This chapter treats protein structure prediction as an experimental decision aid, not a substitute for measurement. You will learn to:

  • Distinguish single-chain prediction from biomolecular-interaction prediction, and explain why the confidence guarantees differ
  • Read pLDDT, PAE, and ipTM as decision metrics rather than truth labels
  • Choose between AlphaFold 2/3, ESMFold, RoseTTAFold, OmegaFold, Boltz, and Chai based on the biological question and access constraints
  • Identify the failure modes that persist after high-confidence prediction: disorder, multiple conformations, induced fit, ligand chemistry, allostery
  • Frame structure prediction inside a validation plan (docking, mutagenesis, experimental structure, function assay) before committing program decisions
  • Evaluate vendor claims about “AlphaFold-powered” pipelines against published evidence
  • Navigate the AlphaFold 3 open-access controversy and the open-source alternatives (Boltz, Chai, OpenFold)

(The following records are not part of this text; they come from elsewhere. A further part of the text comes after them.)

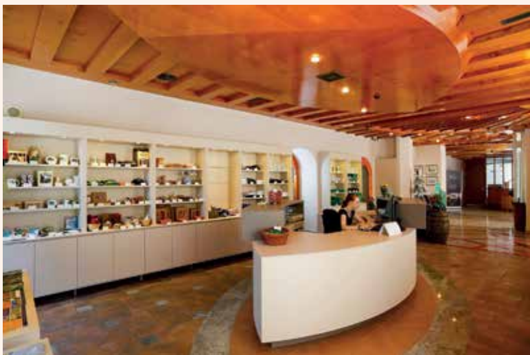
TIC Laško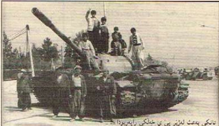
تانکی به‌عث له‌ژیر پی‌ی خه‌لکی راپه‌ریوه‌دا

مانگی چاره‌که کیلۆگرامیک شه‌کر، چاره‌که کیلۆگرامیک رۆن، نیو کیلۆگرام برنج، یه‌ک قالب سه‌یوون و 5 که‌غم نارده‌ی به‌رده‌که‌وت. خه‌لکی ره‌ش و رووت له زۆریه‌ی ماقه سه‌ره‌نایه‌کانی سه‌ره‌قابه‌تی بی‌ی به‌ش بوون. دام و ده‌سه‌تگانه‌ی بۆلیس، ته‌من، نیه‌سه‌جارات، سه‌خا به‌رات... ته‌ده‌کو کورگی به‌سه‌ی که‌وتیه‌وه گه‌یانی خه‌لک. به‌تاوانی جۆز و جۆز خه‌لکیان له زیندانه تاربه‌که‌کاندا ترند ده‌کرد. بز تۆقاندنی خه‌لک په‌رێیا گه‌نده‌ی کوشتن و په‌رینی خه‌لکیان بلاو ده‌کرده‌وه.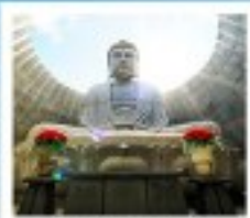
เนินพระพุทธรเจ้า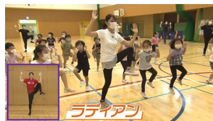
千代田区の取組紹介（7分）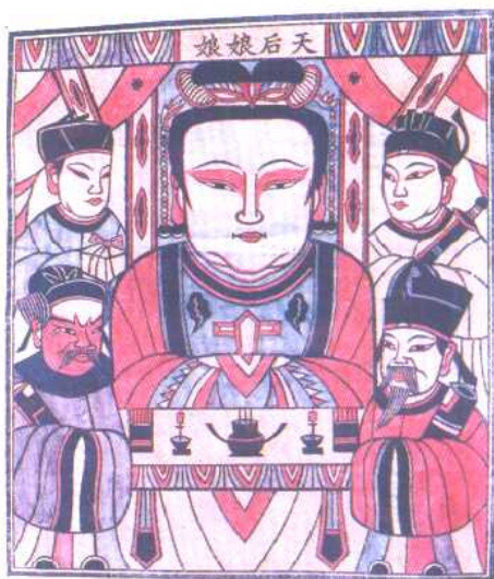
天后娘娘 (河南朱仙镇版画)

Prerequisites: AI for the Life Sciences recommended, Foundation Models for Biology helpful for the ESMFold and ESM-3 sections.

The Big Picture: Protein structure prediction is now a routine research input, not a research project. AlphaFold 2 effectively solved single-chain prediction for the majority of well-folded protein domains. AlphaFold 3 extended prediction to nucleic acids, ions, and small molecules, then released under restricted terms: which open-source successors (Boltz, Chai) have since matched. None of these systems remove the experiment; they change which experiment matters.

Model Landscape:

System Best For Open Code Reads MSA? Confidence Metrics
AlphaFold 2 (Jumper et al., 2021) Single-chain structure Yes Yes pLDDT, PAE
AlphaFold-Multimer (Evans et al., 2021) Protein complexes Yes Yes pLDDT, PAE, ipTM
AlphaFold 3 (Abramson et al., 2024) Proteins, NAs, ligands, ions Restricted Yes pLDDT, PAE, ipTM
RoseTTAFold (Baek et al., 2021) Open AF2-class alternative Yes Yes pLDDT, PAE
ESMFold (Lin et al., 2023) Fast, MSA-free single-chain Yes No (LM only) pLDDT, PAE
OmegaFold (Wu et al., 2022, preprint) Orphan and designed proteins Yes No pLDDT
Boltz-1 (Wohlwend et al., 2024, preprint) Open AF3-class interactions Yes (MIT) Yes pLDDT, PAE, ipTM
Boltz-2 (Passaro et al., 2025, preprint) Adds binding-affinity prediction Yes (MIT) Yes Affinity + structure
Chai-1 (Chai Discovery et al., 2024, preprint) Open AF3-class interactions Yes Yes pLDDT, PAE, ipTM

Confidence Metrics (Critical to Interpret Correctly):

  • pLDDT > 90: High confidence: side chains usable
  • pLDDT 70-90: Confident backbone, treat details cautiously
  • pLDDT 50-70: Low confidence: likely correct fold, details unreliable
  • pLDDT < 50: Unreliable, often intrinsically disordered
  • PAE matrix: Read inter-domain blocks separately: confident within domains does not mean confident relative orientation
  • ipTM > 0.8 (complexes): Interface is likely correct
  • ipTM < 0.5: Treat complex as a hypothesis, not a structure

What Structure Prediction Solves vs. What It Does Not:

Solved (for most proteins) Still Open
Fold topology Conformational ensembles
Domain boundaries Allosteric states
Stable side-chain packing Disordered regions
Many protein-protein interfaces Cryptic and induced-fit pockets
Crude apo geometry Ligand chemistry beyond training distribution
Initial homology models Water networks and protonation

Decision Framework for a Research Program:

  1. Identify the biological state you need. Apo? Holo? Active? Inhibited? Membrane-bound? A predicted structure is one state, not all states.
  2. Choose the system by question, not brand. Single-chain monomer with deep MSA → AlphaFold 2. Antibody-antigen → AlphaFold 3 or Boltz. Designed scaffold with no homologs → OmegaFold or ESMFold. On-premise pipeline at scale → Boltz or Chai.
  3. Read confidence before pretty pictures. pLDDT and PAE are not optional.
  4. Plan the validating experiment up front. Mutagenesis, binding assay, low-resolution experimental structure, HDX-MS, cryo-EM, or X-ray: pick the one that will move the program decision.
  5. Document failure modes. Predicted geometry that disagrees with a measured constraint is information about the model’s limits, not noise.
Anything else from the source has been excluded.